Toasted Buckwheat & King Prawn Recipe

The popularity of the buckwheat is slowly increasing in England along with the fashion of the "whole grains".  Although, technically, buckwheat is a seed of a flowering plant, despite its taxonomy, buckwheat is widely considered as a whole grain. Buckwheat seed has no relation with wheat, therefore it is used in variety of gluten free products.

Buckwheat, in its toasted  form, has been and still is a very popular product is Eastern Europe. It has a distinctive smell and taste so it may be slightly off-putting for the first time user. To be honest, I couldn't stand buckwheat while I was a child. The breakthrough happened in my early twenties when I had some digestion problems. Suddenly my body decided that I needed a buckwheat. I have no idea where this came from but I did enjoy my first bowl of simple buckwheat porridge.
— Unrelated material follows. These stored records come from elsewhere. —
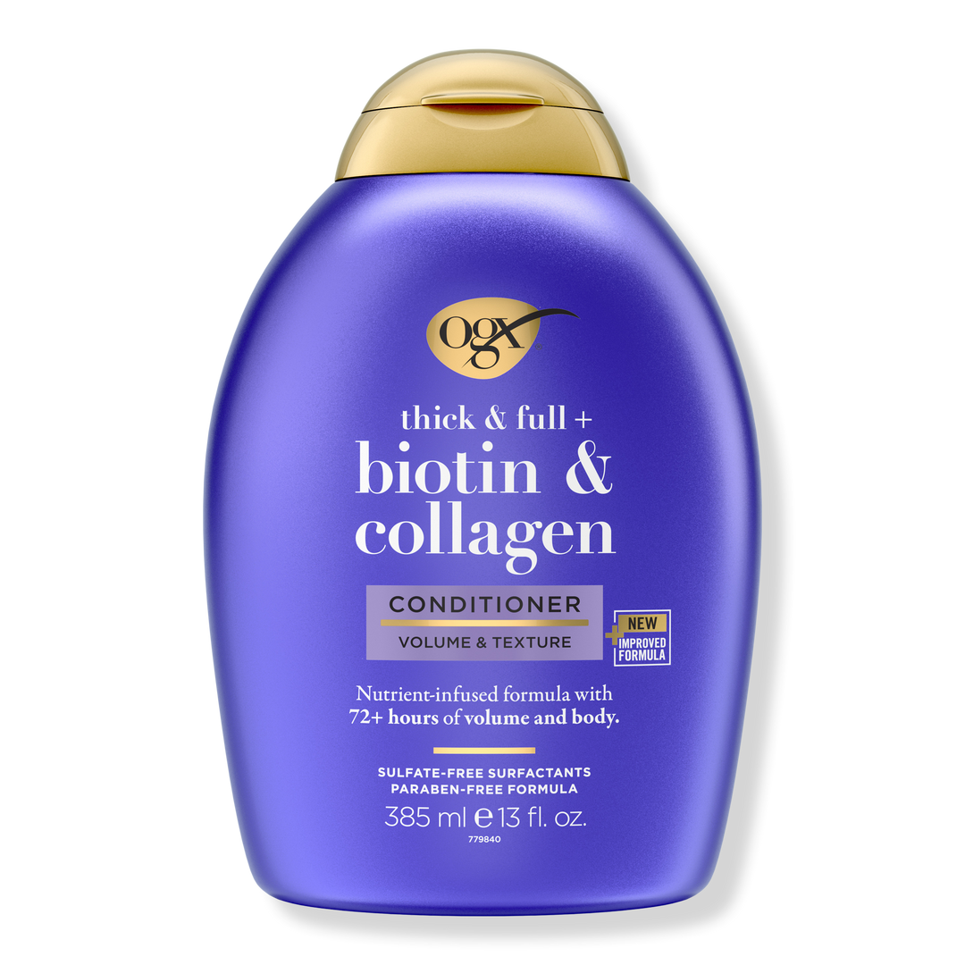 - OGX Thick & Full + Biotin & Collagen Volumizing Conditioner for hair with 72+ hours of volume & body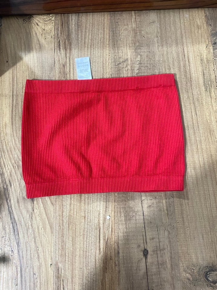 Kırmızı, elastik kumaştan yapılmış, tek renkli ve rahat kesim kadın crop top. Kayık yaka ve ince askılı, günlük kullanıma uygun.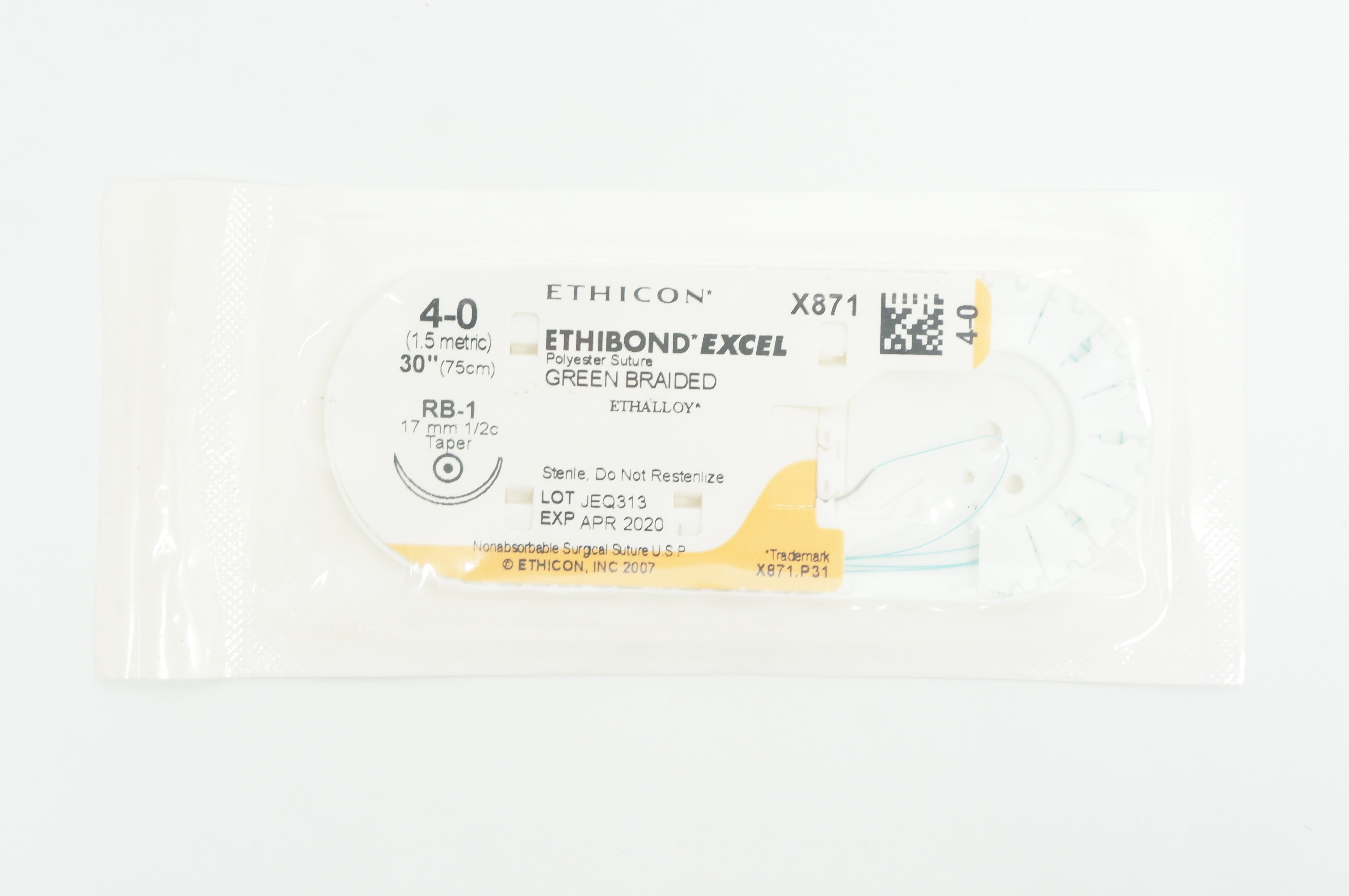 Ethicon X871 4-0 ETHIBOND EXCEL, RB-1, 17mm 1/2c Taper, 30inch (x)
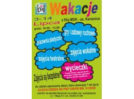 W filii Miejskiego Domu Kultury na osiedlu Karsznice wystartowały wakacyjne zajęcia. Dzieci powyżej 7 roku życia mogą z nich korzystać od poniedziałku do piątku w godzinach 10 – 13.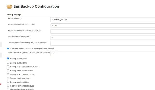 使用ThinBackup插件,允许我们对Jenkins配置信息进行全量或增量备份,由于插件不会保存构建历史和构建工件,所备份过程更为快捷,并且无需关闭Jenkins服务器。
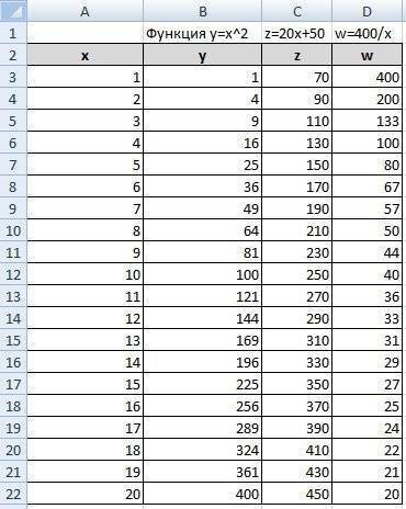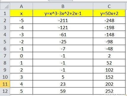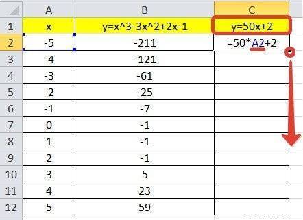 Мы уже построили таблицу для первой функции, добавим третий столбец: значения функции y = 50x + 2 на том же интервале [-5; 5]. Заполним значения этой функции. Для этого в ячейку C2 введите формулу, соответствующую функции, только вместо x мы берем значение -5, например ячейку A2. Скопируйте формулу ниже.
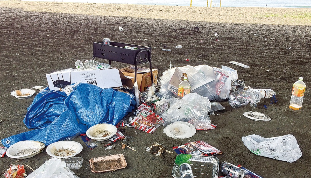海岸利用者が放置するごみは、地域にとって長年の課題だ。食材を放置するとカラスやトビが集まり、さらにごみを散乱させる。土に埋めても自然に分解されない炭を残して帰る人や、コンロなどの機材をそのまま捨てるケースもある。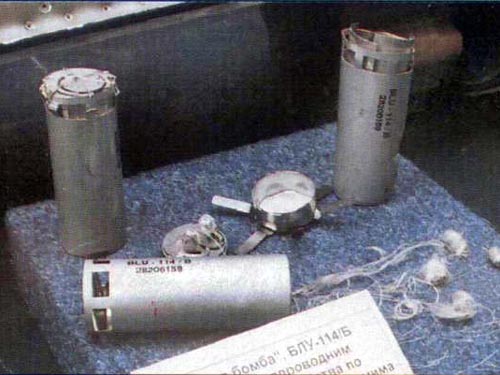據(jù)美國(guó)科學(xué)家網(wǎng)站資料指出,美軍石墨炸彈在空軍編號(hào)為BLU─114/B,是透過(guò)在易拉罐大小的罐內(nèi)裝進(jìn)大量石墨絲,然后將這些石墨罐再裝進(jìn)較大的集束彈體中,以子母彈的方式進(jìn)行投射,石墨彈在散開后,尾部還會(huì)掛載降落傘,以利于讓罐內(nèi)石墨絲大面積散開,并平均落在發(fā)電廠或高壓電纜上,讓電纜瞬間燒毀。
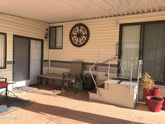 COME RETIRE LIKE YOU MEAN IT! This lovely updated Mobile Home with large Arizona Room is ready for you to move right in! COME LIVE THE ACTIVE & ENJOYABLE LIFE YOU HAVE ALWAYS DREAMED OF in this updated Cavco Catalina features 1 bed / 1 bath / Arizona Room / Inside Laundry. All Furniture is included + kitchen utensils. New Covered patio, New HW Heater. Apache Wells RV Resort is a 55+ community that offers many amenities, see sheet in docs tab. Kitchen offers new counters. New Interior Paint, New Flooring. Full size washer and dryer.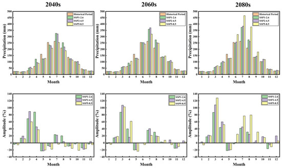 Figure 4 reflects how the precipitation changes in different periods. The data for the historical period comprise the observations of the Chengbi River basin. Regardless of the period, the monthly average precipitation varies significantly under all three scenarios. Precipitation is mainly concentrated from June to August, while the overall distribution shows a high middle and low end with an “asymmetric single peak”, which indicates an extremely uneven interannual distribution of precipitation. Meanwhile, the precipitation increases in most months with a growing trend from the 2040s to the 2080s. In the 2040s, precipitation under the three scenarios shows an increasing trend in February to April and July to August with a range of 4.2% to 89.7%. In the 2060s, precipitation rises mainly in February to April, July, and August to September with a range of 0.9% to 107.7%. In the 2080s, precipitation trends increased in all months except January, May, and November, with variations ranging from 0.4% to 128.2%. Precipitation is increased by over 50%, mainly in March and April. For March, when the increase is most significant, the variability of precipitation for the three periods under the SSP1-2.6 scenario is 69.1%, 86.9%, and 87.0%, respectively. Under the SSP2-4.5 scenario, the variability of precipitation for the three periods is 89.7%, 107.7% and 108.4%, respectively. Under the SS5-8.5 scenario, the variability of precipitation for the three periods is 60.3%, 102.9%, and 128.2%, respectively. However, it is particularly important to notice that the monthly average precipitation in the coming decades may occur insufficiently in May, June and November compared with the historical period. This phenomenon is particularly reflected under all three scenarios. In summary, precipitation primarily tends to increase in the three future periods.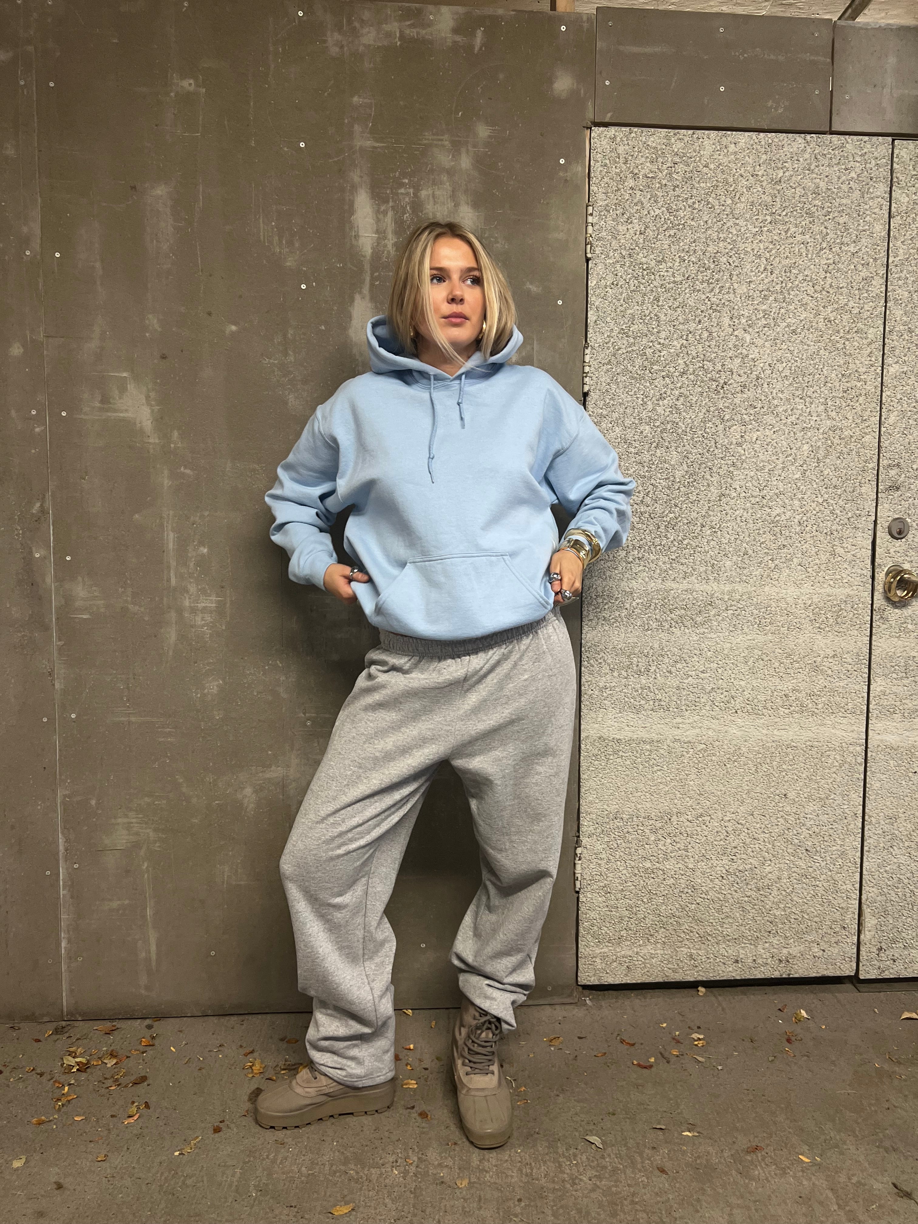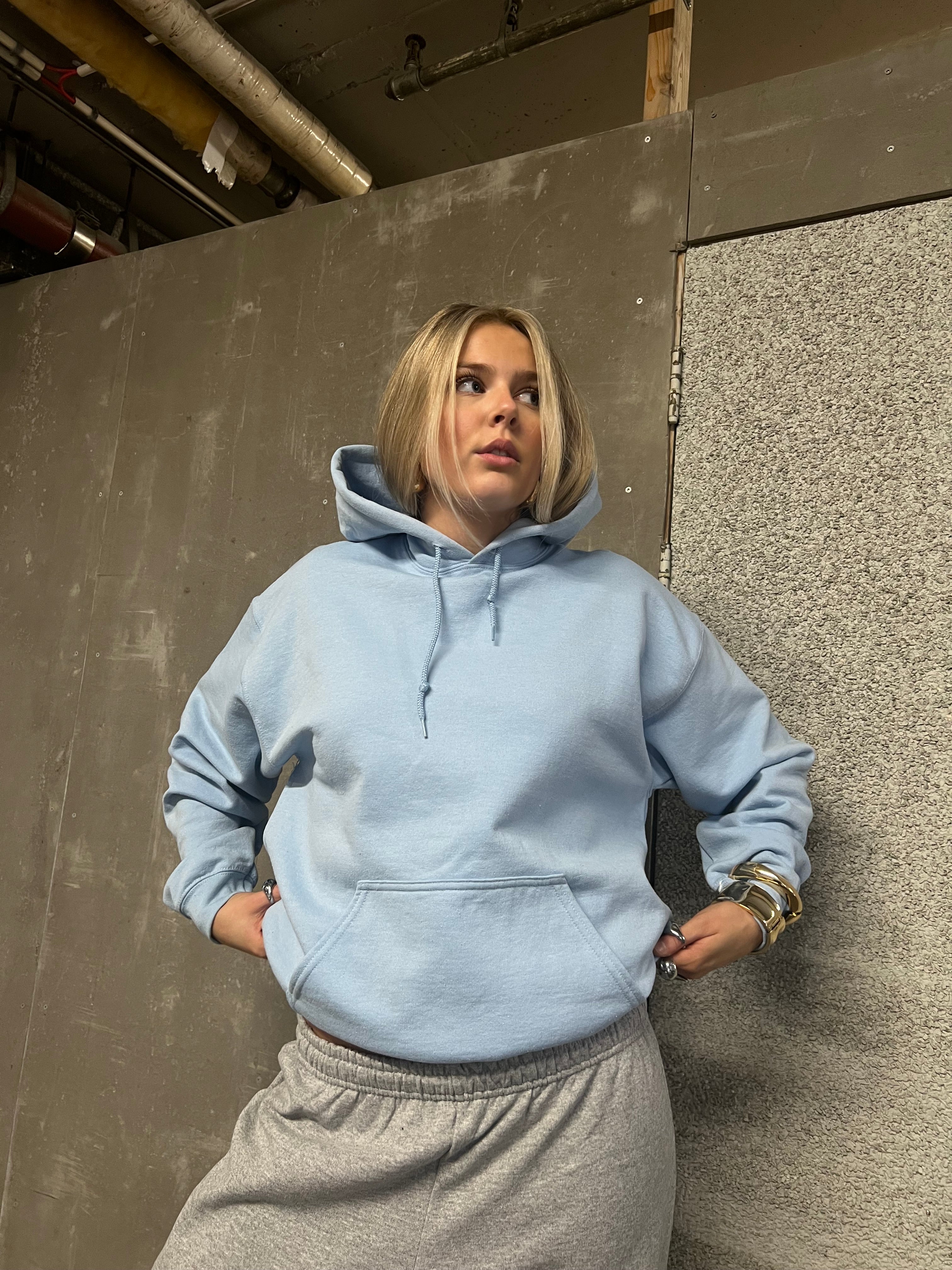 Ljósblá hettupeysa  fæst í stærðum S-L Módel er 170 cm á hæð og er í stærð L

Now I use buckwheat a lot, not only for its health benefits but also for versatility. A little while ago toasted buckwheat groats were not available in supermarkets, only raw. Now supermarkets are offering "world foods" sections that make shopping easy. You can buy everything from one place. If you're shopping online, search for "kasha", "buckwheat" or "buckwheat groats".  Sainsbury's has a massive isle of Polish food, you will definitely find there.

Okay, so how to cook roasted buckwheat? If you know how to cook rice, you will know how to cook buckwheat. Simple as that. I do not soak buckwheat overnight nor I wash it before boiling simply because it comes very clean these days. Another reason, I like to prepare buckwheat in a deep pan as I would do risotto.

Toasted buckwheat and prawn recipe


  • 1 cup of toasted buckwheat
  • 1 medium onion
  • 1 large garlic clove
  • 1/2 of red chilli no seeds
  • 1 cube of vegetable or chicken stock
  • 2 cups of boiled water
  • 1 cup of raw king prawns
  • 2 large tomatoes
  • Generous pinch of fresh dill
  • Splash or two of olive oil


Take a deep pan that comes with the lid and splash a little olive oil. Add finely chopped onion and cook until soft. Add finely chopped garlic and chilli and continue cooking for 1 minute. Do not allow garlic to burn. Reduce the heat and add another splash of oil if needed. You have to have enough oil to cover all buckwheat.

Add buckwheat and allow it to absorb oil and flavours from garlic and onion. Cook for 4 minutes, stirring every minute. In the meantime, mix water with stock and be ready to pour over the buckwheat. Cover the lid, reduce the heat and allow to simmer for 10 minutes.

When you see buckwheat expanding and most of the water absorbed, add tomato wedges. Cook for another minute. Make sure you still have a little water left, if need more just add a dash of boiled water. Always have it ready by your side.

Scatter prawns over the top of almost cooked buckwheat and allow prawns to cook. When prawns have changed their colour from grey to pink they will be cooked. There is nothing worse than overcooked prawns. Don't leave the pan, just watch over the lid how prawns change their appearance. Once prawns turn pink, have a little taste and, if you need, you can add more salt, a little pinch of black pepper and sprinkle with fresh dill. Remove pan (keep the lid on) from the heat and allow to sit for 10 minutes.

It tastes great with a good company and a nice glass of wine:) Enjoy!